*Your assignment*. When you copy from the entries that follow, take only the lines from the one with "Cubo de fotos" down to the one with "新華社記者 王天聰 攝", keeping both ends and dropping every picture.

*Data to examine*.
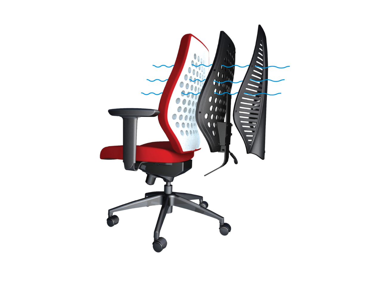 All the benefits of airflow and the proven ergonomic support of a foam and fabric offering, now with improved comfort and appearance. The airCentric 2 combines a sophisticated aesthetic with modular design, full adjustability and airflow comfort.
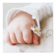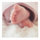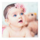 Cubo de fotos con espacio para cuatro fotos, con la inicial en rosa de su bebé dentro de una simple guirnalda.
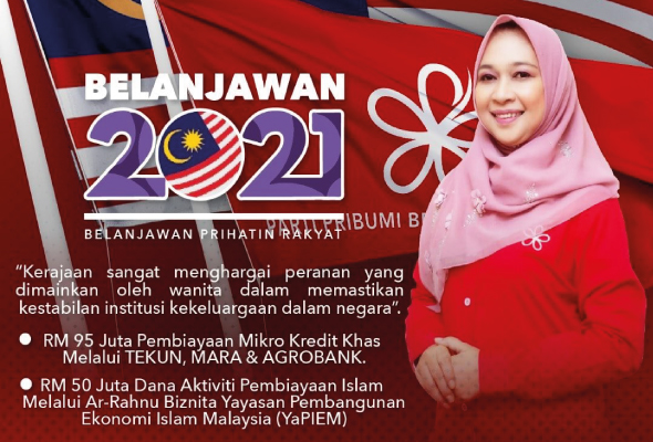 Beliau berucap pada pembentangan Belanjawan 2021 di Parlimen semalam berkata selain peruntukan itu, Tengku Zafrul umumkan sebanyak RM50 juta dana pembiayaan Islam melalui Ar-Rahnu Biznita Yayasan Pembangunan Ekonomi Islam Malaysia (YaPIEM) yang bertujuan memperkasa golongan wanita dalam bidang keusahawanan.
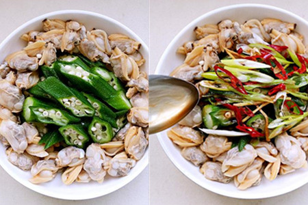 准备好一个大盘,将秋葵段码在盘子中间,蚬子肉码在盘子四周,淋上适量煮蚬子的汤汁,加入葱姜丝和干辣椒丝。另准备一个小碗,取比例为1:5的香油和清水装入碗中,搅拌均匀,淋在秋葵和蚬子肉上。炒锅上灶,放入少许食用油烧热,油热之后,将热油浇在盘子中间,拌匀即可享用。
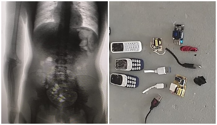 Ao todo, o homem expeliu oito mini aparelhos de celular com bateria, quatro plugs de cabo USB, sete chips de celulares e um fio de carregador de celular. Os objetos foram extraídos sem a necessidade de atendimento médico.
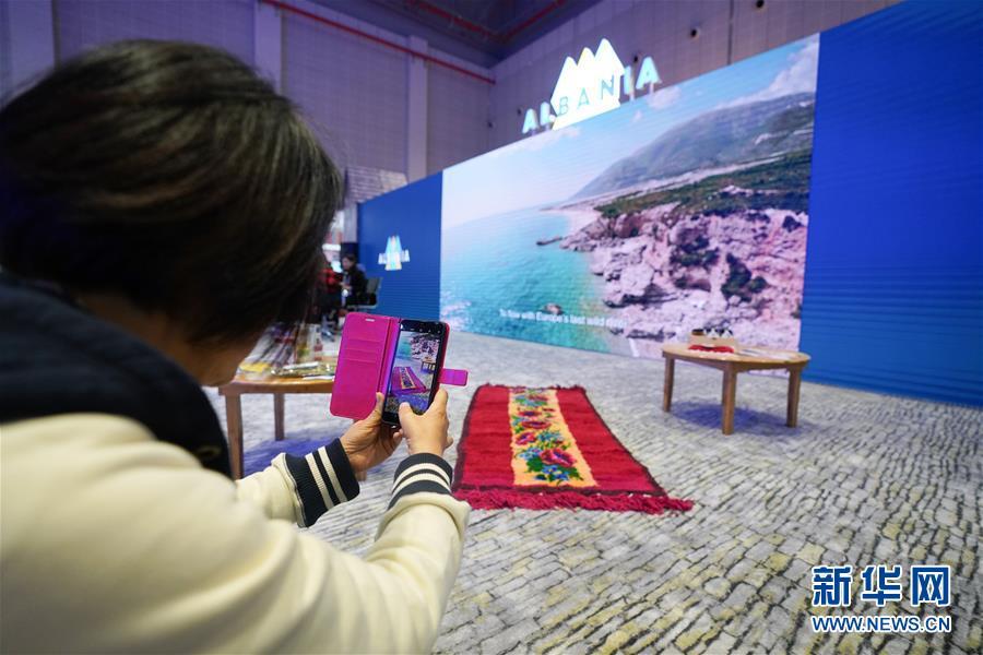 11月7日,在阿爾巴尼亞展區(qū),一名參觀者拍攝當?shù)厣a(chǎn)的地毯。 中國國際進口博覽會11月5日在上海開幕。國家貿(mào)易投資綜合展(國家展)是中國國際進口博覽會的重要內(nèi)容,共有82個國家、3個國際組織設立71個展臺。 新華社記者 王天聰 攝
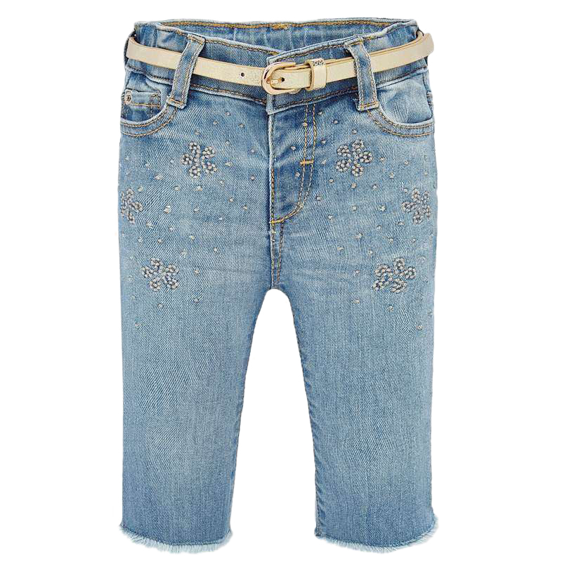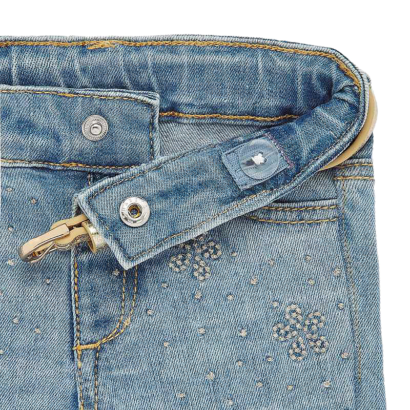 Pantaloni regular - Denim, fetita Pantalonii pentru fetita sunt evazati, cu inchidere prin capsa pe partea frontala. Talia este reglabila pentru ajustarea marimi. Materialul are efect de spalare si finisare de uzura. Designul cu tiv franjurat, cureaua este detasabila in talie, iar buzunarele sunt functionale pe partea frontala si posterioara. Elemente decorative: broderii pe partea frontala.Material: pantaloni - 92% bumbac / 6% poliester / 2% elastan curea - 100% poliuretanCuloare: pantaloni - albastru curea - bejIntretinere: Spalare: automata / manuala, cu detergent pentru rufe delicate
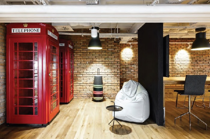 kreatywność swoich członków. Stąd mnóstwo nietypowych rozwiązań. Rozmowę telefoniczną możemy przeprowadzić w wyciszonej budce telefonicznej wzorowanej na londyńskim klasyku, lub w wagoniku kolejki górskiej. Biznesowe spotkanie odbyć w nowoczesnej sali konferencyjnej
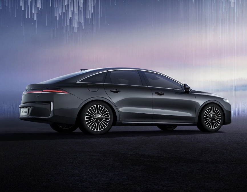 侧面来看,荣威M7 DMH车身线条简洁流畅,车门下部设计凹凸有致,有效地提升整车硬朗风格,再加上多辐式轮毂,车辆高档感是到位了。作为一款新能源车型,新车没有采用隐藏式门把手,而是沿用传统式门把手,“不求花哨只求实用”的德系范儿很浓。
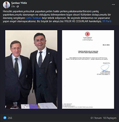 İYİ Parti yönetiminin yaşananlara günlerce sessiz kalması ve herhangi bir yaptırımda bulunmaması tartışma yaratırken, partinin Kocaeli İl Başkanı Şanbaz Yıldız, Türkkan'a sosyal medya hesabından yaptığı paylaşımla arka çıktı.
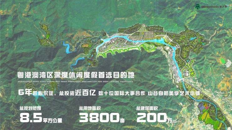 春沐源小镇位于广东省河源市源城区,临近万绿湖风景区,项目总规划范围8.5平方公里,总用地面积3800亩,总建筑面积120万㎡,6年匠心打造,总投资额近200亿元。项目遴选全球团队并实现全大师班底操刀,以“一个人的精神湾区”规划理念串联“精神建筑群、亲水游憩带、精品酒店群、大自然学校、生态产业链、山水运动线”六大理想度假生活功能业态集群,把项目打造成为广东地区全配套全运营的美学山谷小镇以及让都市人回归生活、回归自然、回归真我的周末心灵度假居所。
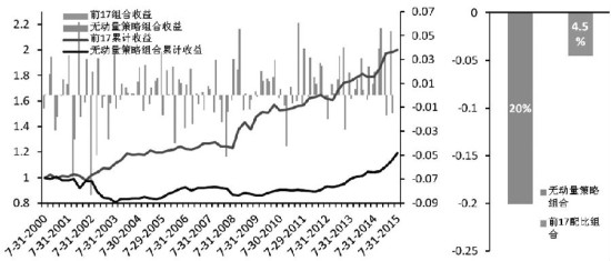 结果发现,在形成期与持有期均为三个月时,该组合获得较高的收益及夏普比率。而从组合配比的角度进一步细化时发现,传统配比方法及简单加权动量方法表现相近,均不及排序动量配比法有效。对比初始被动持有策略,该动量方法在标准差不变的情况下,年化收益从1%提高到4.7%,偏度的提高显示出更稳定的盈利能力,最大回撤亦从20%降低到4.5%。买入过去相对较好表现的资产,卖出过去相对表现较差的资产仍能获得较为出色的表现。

*Answer below*.
 Cubo de fotos con espacio para cuatro fotos, con la inicial en rosa de su bebé dentro de una simple guirnalda.
 Beliau berucap pada pembentangan Belanjawan 2021 di Parlimen semalam berkata selain peruntukan itu, Tengku Zafrul umumkan sebanyak RM50 juta dana pembiayaan Islam melalui Ar-Rahnu Biznita Yayasan Pembangunan Ekonomi Islam Malaysia (YaPIEM) yang bertujuan memperkasa golongan wanita dalam bidang keusahawanan.
 准备好一个大盘,将秋葵段码在盘子中间,蚬子肉码在盘子四周,淋上适量煮蚬子的汤汁,加入葱姜丝和干辣椒丝。另准备一个小碗,取比例为1:5的香油和清水装入碗中,搅拌均匀,淋在秋葵和蚬子肉上。炒锅上灶,放入少许食用油烧热,油热之后,将热油浇在盘子中间,拌匀即可享用。
 Ao todo, o homem expeliu oito mini aparelhos de celular com bateria, quatro plugs de cabo USB, sete chips de celulares e um fio de carregador de celular. Os objetos foram extraídos sem a necessidade de atendimento médico.
 11月7日,在阿爾巴尼亞展區(qū),一名參觀者拍攝當?shù)厣a(chǎn)的地毯。 中國國際進口博覽會11月5日在上海開幕。國家貿(mào)易投資綜合展(國家展)是中國國際進口博覽會的重要內(nèi)容,共有82個國家、3個國際組織設立71個展臺。 新華社記者 王天聰 攝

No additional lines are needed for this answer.